__Recorded data__:

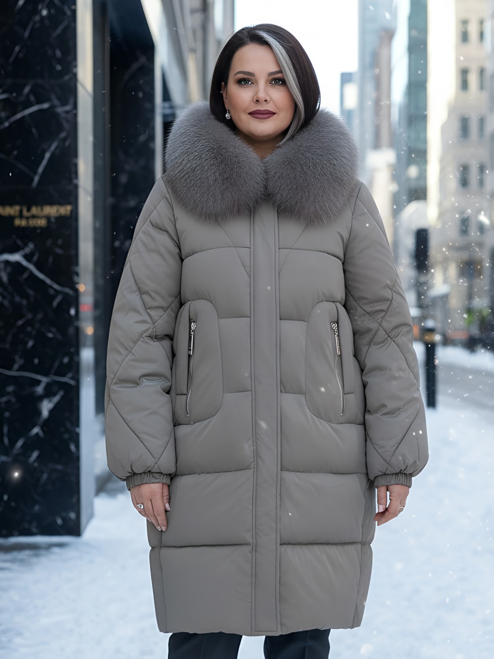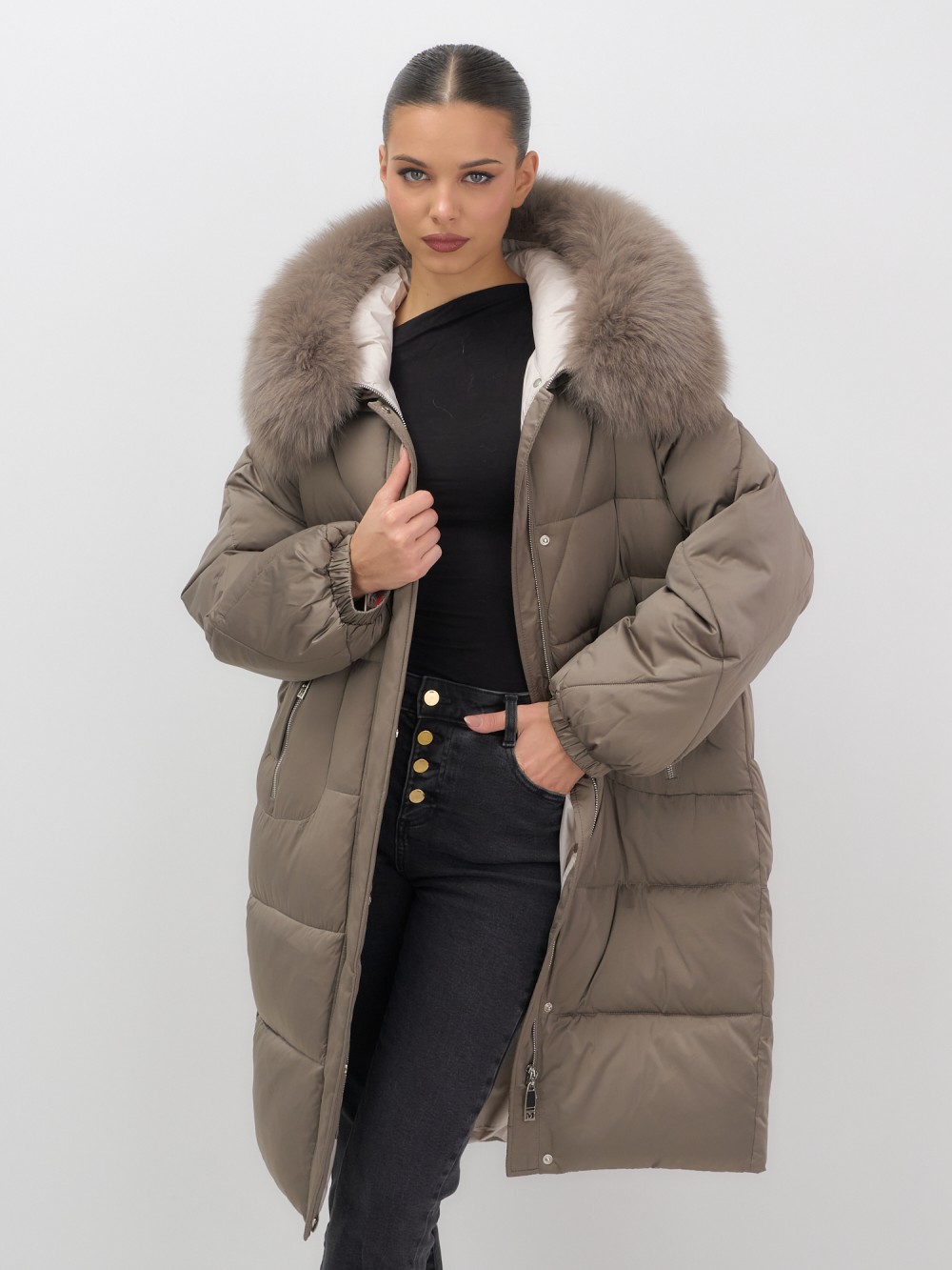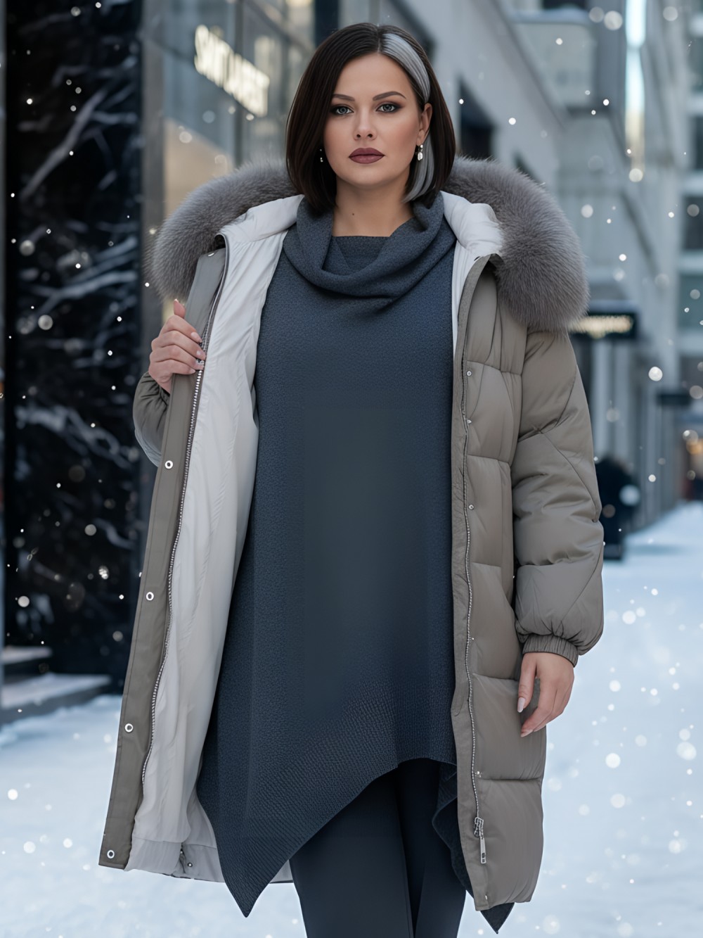 Четыре благородных оттенка коллекции осень-зима 2025 – глубокий черный, роскошный коричневый, изысканный светло-коричневый и стильный горчичный – великолепно сочетаются с натуральным мехом песца. Удлиненный силуэт до колена и свободный крой идеальны для размеров 46-54.
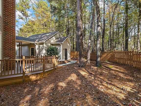 This incredible move-in ready home is located in desirable Whippoorwill Valley of Wake Forest (No HOA, No City Tax). The lot is one of the best in this established neighborhood right by a serene cul-de-sac. The home features a spacious living room with tall ceiling. The beautiful backyard has a large custom wood deck perfect for entertaining friends and family. Nature lovers can enjoy the beautiful mature landscaping, decorative pavers, and enjoy birdwatching right outside the kitchen window. The detached garage has a beautiful covered walkway from the main home. More features include: No City Tax. No HOA. Private .70 Acre Lot; Fenced-In Backyard; Spacious Bedrooms; First Floor Owner's Suite; Updated Kitchen and Owners Suite Bathroom; Lots of Second Floor Storage; Short Bike Ride and Walk to Wake Forest Greenway; Well Maintained by Original Owners; See List of Significant Improvements and Upgrades. Incredible Location: Easy access to Hwy 540 for RTP commute; Subdivision will have two main entrances starting in December 2024; Very convenient to lots of grocery stores, shopping and dining options, as well as schools.
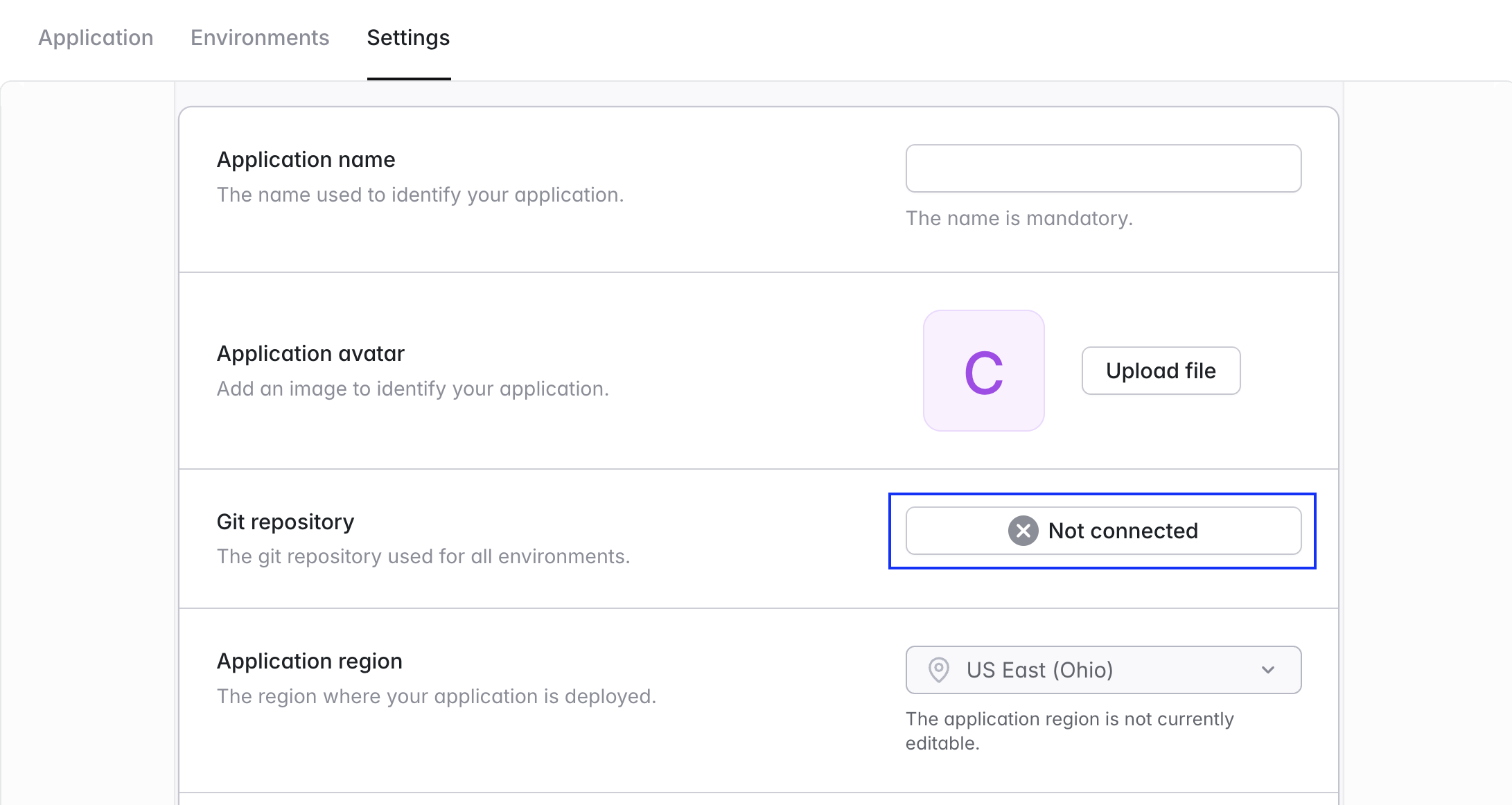 Applications can lose their connection to a git repository if Laravel Cloud’s API access is revoked from within the source control provider. When this happens, your application’s environments can no longer deploy your latest changes. Follow these steps to restore your git connection:- Navigate to your applications “Settings” page.

__Exercise objective__: Copy the material exactly. Do not include the pictures.

__Answer to this exercise__:
 Четыре благородных оттенка коллекции осень-зима 2025 – глубокий черный, роскошный коричневый, изысканный светло-коричневый и стильный горчичный – великолепно сочетаются с натуральным мехом песца. Удлиненный силуэт до колена и свободный крой идеальны для размеров 46-54.
 This incredible move-in ready home is located in desirable Whippoorwill Valley of Wake Forest (No HOA, No City Tax). The lot is one of the best in this established neighborhood right by a serene cul-de-sac. The home features a spacious living room with tall ceiling. The beautiful backyard has a large custom wood deck perfect for entertaining friends and family. Nature lovers can enjoy the beautiful mature landscaping, decorative pavers, and enjoy birdwatching right outside the kitchen window. The detached garage has a beautiful covered walkway from the main home. More features include: No City Tax. No HOA. Private .70 Acre Lot; Fenced-In Backyard; Spacious Bedrooms; First Floor Owner's Suite; Updated Kitchen and Owners Suite Bathroom; Lots of Second Floor Storage; Short Bike Ride and Walk to Wake Forest Greenway; Well Maintained by Original Owners; See List of Significant Improvements and Upgrades. Incredible Location: Easy access to Hwy 540 for RTP commute; Subdivision will have two main entrances starting in December 2024; Very convenient to lots of grocery stores, shopping and dining options, as well as schools.
 Applications can lose their connection to a git repository if Laravel Cloud’s API access is revoked from within the source control provider. When this happens, your application’s environments can no longer deploy your latest changes. Follow these steps to restore your git connection:- Navigate to your applications “Settings” page.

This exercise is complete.